About Rivers Institute for Contemporary Art & Thought, New Orleans, LA
Rivers Institute for Contemporary Art & Thought (Rivers) is a non-profit institute, supporting artists of the global diaspora. Founded in New Orleans in 2019, Rivers recognizes art as forms of diaspora, shaped by geographic, social, political, environmental, and economic histories. From a cultural landscape predicated upon and consigned to a future of migration, we work to connect the depth of knowledge found in New Orleans with artists and scholars working across the globe. We support long-form artist research, study, and project development and have built a network of multi-year and multi-project partnerships locally and globally to support the complex circulation of artists’ work.
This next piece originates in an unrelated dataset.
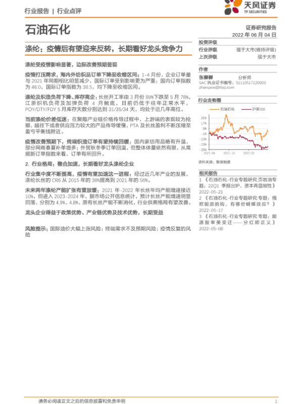【天风证券】【20220604】石油石化行业点评:涤纶:疫情后有望迎来反转,长期看好龙头竞争力-7页 行业研究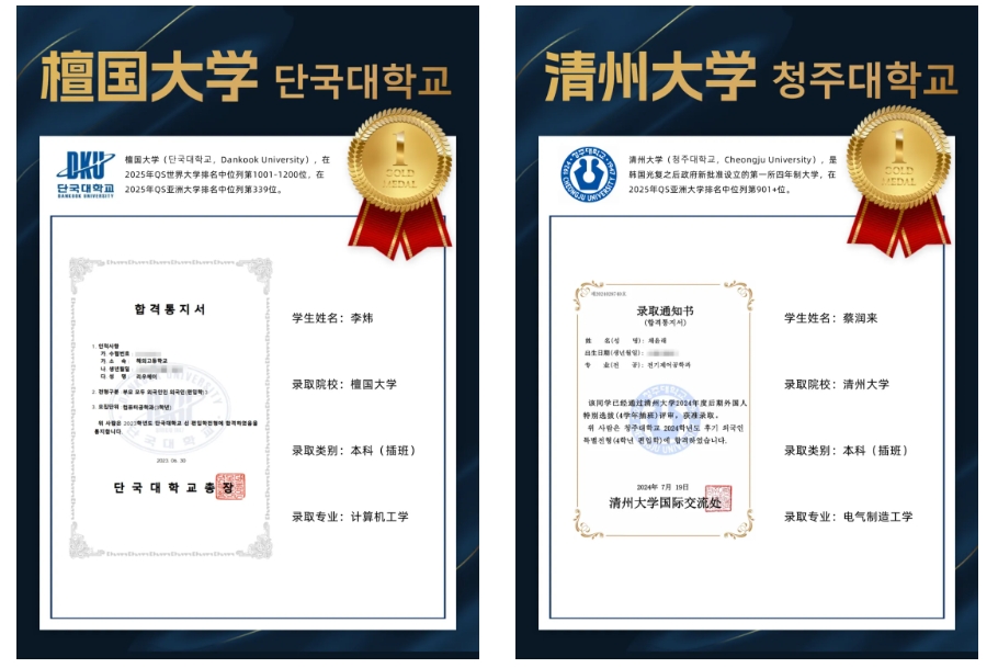 学校针对专科生开设3+1/3+2升本、3+3专本硕连读项目,根据韩国院校学制设置,可实现一年升本或两年升本,最快可实现三年内取得硕士文凭,给专科生提供一个弯道超车,通过自己努力超越同龄人的机会!

Rivers commits to the non-public forms of an artist’s practice and to the translation and dissemination of their work as public knowledge in the shapes of publications, exhibitions, commissions, and time-based programming. Through this work, we see our cultural histories and futures made visible.
About Ogden Museum of Southern Art, New Orleans, LA
Located in the vibrant Warehouse Arts District of downtown New Orleans, Louisiana since 1999 and open to the public since 2003, Ogden Museum of Southern Art invites visitors to experience and learn about the artists and culture of the American South. Ogden Museum is home to a collection of more than 4,500 works, making it the largest and most comprehensive repository dedicated to Southern art in the nation, with particular strength in the genres of Self- Taught art, Regionalism, photography and contemporary art. The Museum is further recognized for its original exhibitions, public events and educational programs, which examine the development of visual art alongside Southern traditions of music, literature and local craft.
Ogden Museum is open daily from 10 a.m. to 5 p.m.